*** Data section Section Begins ***

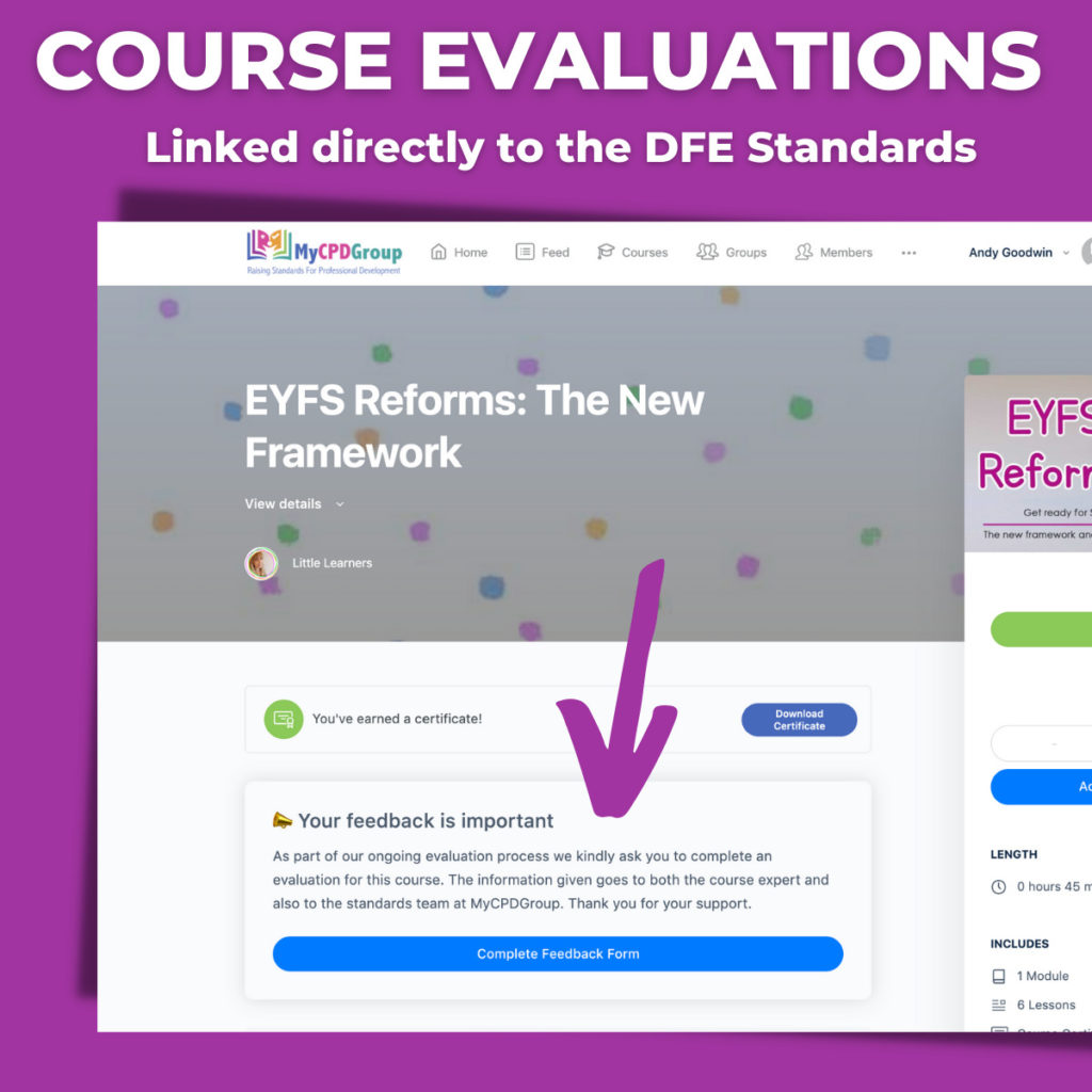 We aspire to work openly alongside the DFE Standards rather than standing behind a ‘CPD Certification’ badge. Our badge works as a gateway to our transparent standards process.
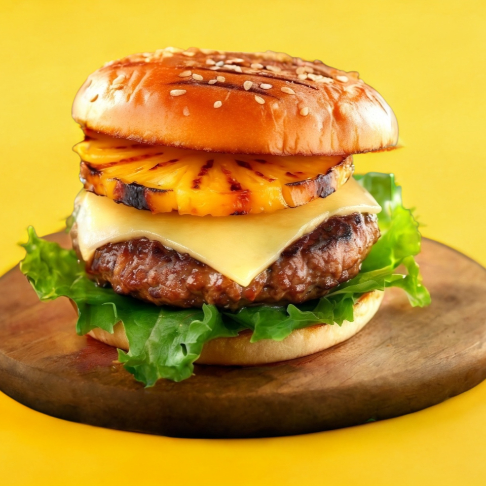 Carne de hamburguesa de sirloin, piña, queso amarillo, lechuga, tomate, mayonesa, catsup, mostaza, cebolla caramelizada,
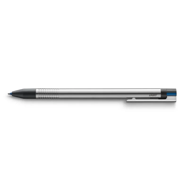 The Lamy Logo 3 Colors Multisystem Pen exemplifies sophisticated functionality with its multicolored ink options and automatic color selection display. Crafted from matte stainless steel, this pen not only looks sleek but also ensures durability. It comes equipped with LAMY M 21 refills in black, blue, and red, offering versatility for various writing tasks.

*** Data section Section Ends ***

## Task details:
Print the material again word for word. Please drop every picture.

## Result:
 We aspire to work openly alongside the DFE Standards rather than standing behind a ‘CPD Certification’ badge. Our badge works as a gateway to our transparent standards process.
 Carne de hamburguesa de sirloin, piña, queso amarillo, lechuga, tomate, mayonesa, catsup, mostaza, cebolla caramelizada,
 The Lamy Logo 3 Colors Multisystem Pen exemplifies sophisticated functionality with its multicolored ink options and automatic color selection display. Crafted from matte stainless steel, this pen not only looks sleek but also ensures durability. It comes equipped with LAMY M 21 refills in black, blue, and red, offering versatility for various writing tasks.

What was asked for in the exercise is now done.